That was May. As I said, it was end of May, 1939 when we learned we could come. And after that, of course, there was frantic activity to get us ready. I remember mother buying materials, and taking us to the dressmaker, and having a completely new wardrobe made for both of us, to send us to England. And everything was made to fit. Nothing allowed for growth. Because the only way our parents could sustain themselves, could sustain their optimism, was by saying to themselves and to us, you'll be back within a year. You'll see.
How do we entertain the possibility that we might be separated for years or forever? I suppose, in our case, they probably would not have had the strength to do it. When the moment finally came for us to leave, which was the end of June, I had said goodbye to my school and my friends. This bosom pal of mine, Martha, is more than worth a mention. She was my shadow for many years and a real good friend of mine.
And you know, my greatest passion in those early childhood days were cats. I used to collect everybody's cats off the streets, thinking they must be lost or hungry, and they weren't. And I had one cat who kept producing kittens. And her name was Julius. When we got her, we thought she was a male.
And three kittens were born just shortly before we left.
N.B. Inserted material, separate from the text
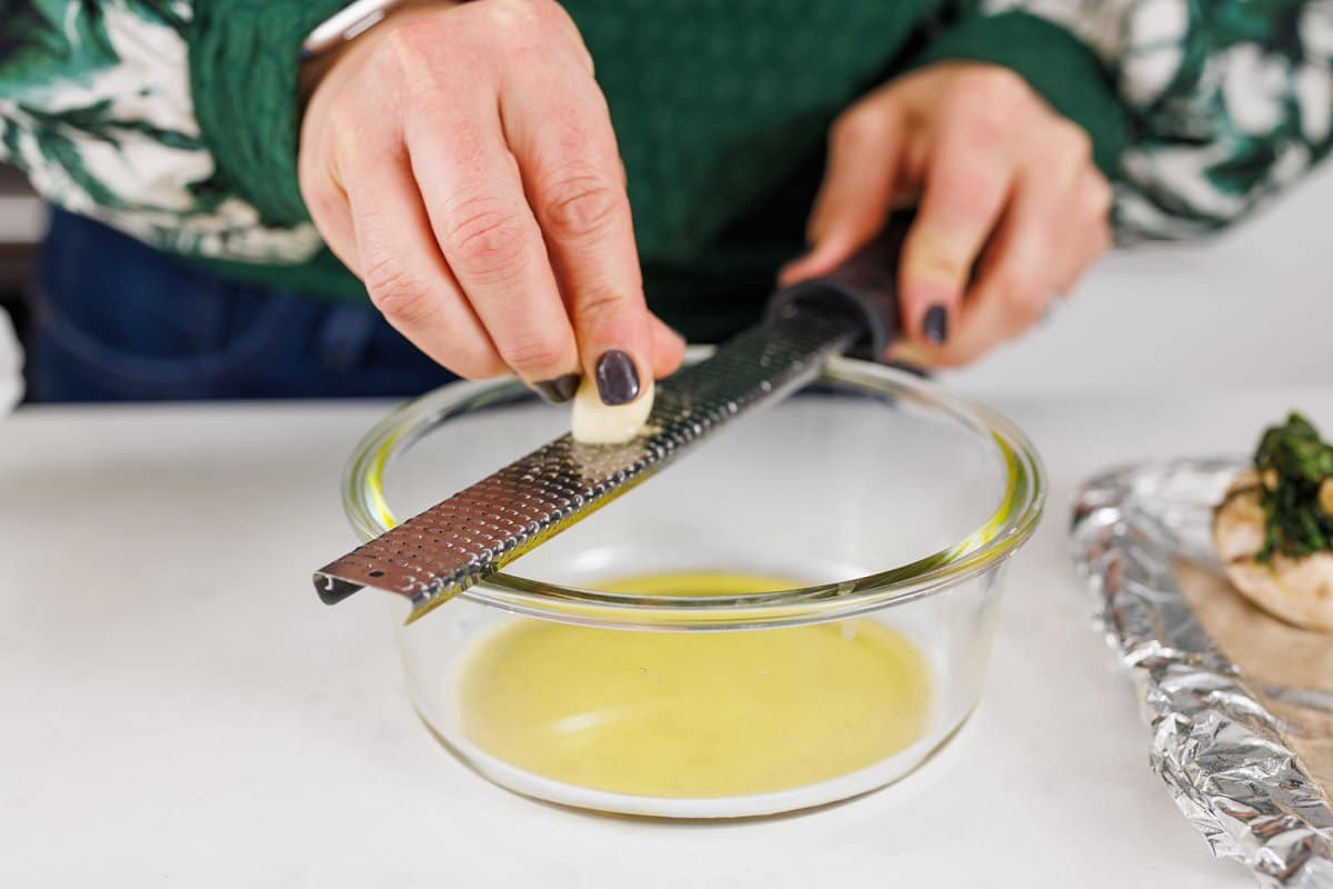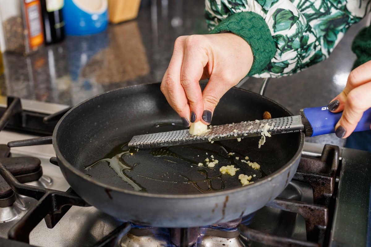 Then in a large skillet, heat some oil over medium-high heat and use a microplane to grate your 4 garlic cloves.

And I was so afraid my father would have them drowned. And Martha promised that she wouldn't let him drown them. And moreover, she promised she would visit my parents every single day, so that they wouldn't miss me too much. And you know, she did that, even when it was forbidden for non-Jews to mix with Jews.
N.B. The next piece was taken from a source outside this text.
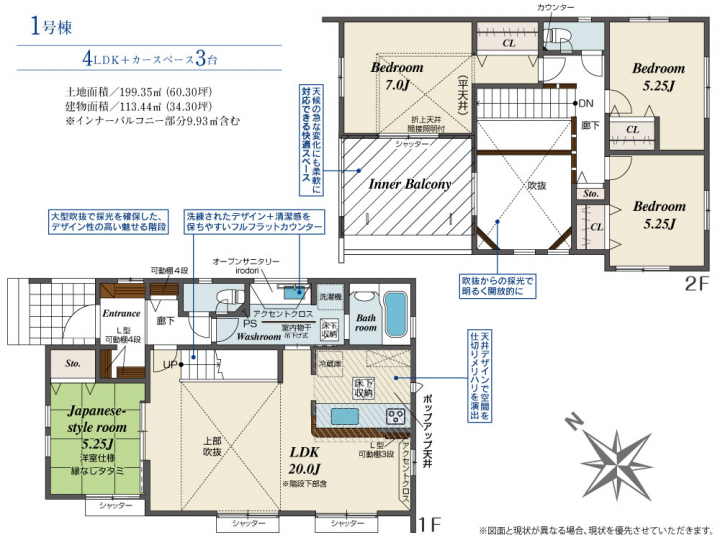 | 建物面積 | 113.44m2(約34.31坪) | 土地面積 | 199.35m2(約60.30坪) |

In fact, one day, the local policeman visited her parents and said, you know, Martha is placing the whole family in danger by not obeying the laws, the German laws. You shouldn't let her visit the Diamants as she does. And her father said she made a promise to her best pal. And no way am I going to make her break this promise. And I so valued what she did when I learned about it after the war.
Before I left, I wrote-- it was a silly thing to do but probably a natural thing to do, I wrote in my childish hand on the wall of the lavatory, goodbye, my lavatory. And father, in one of his many letters, said that they were having the whole flat decorated, but he decided they weren't going to touch the lavatory, so that we could alter that saying together when I came back.
And anyway, I rang the bell of her flat. And of course, a strange woman answered. And I went inside. She just beckoned me in. I didn't have to say anything to her. And I first went on the veranda, enclosed veranda, where my father used to have his afternoon nap, so I used to play with Martha. And there was a strange young lad on the floor, mending his bicycle.
And the toilet in the bathroom ran off the veranda. And I impulsively opened the door to the lavatory. And there it was still. Goodbye my lavatory. And I just cried inwardly. I'm here, father. But where are you? Why aren't you here? And I just ran away from there. And I ran out. And I ran through the rest of the town to the banks of the river Elbe, where we so often played.
And I buried my face in the grass. And for the first time since my return, I cried, and I cried all those bitter tears, which needed to come and were so hard to come. And when I dried my tears, and sat, and deep in thought, and turned back towards the town, I saw a young girl coming towards me. She was running. She had pigtails.
And as she saw me, she smiled. And I recognized her. She was my bosom friend, Martha. Somebody must have recognized her, or maybe the people who lived in our house had sent a message. But there she came. And of course, she hugged me. And we cried and laughed together. And with her support, the pains eased.
And Martha and I, we slept in the same bed. And we talked through the night. And she had lost her sister in the war, but that was through natural causes. And her mother made me my favorite meal, which my mother used to make such splendidly which were dumplings, but fruit dumplings. Filled with fruit and covered in lashings of curd cheese, and runny butter, and sugar, and all the things one shouldn't eat today. So it was a sort of a bittersweet visit.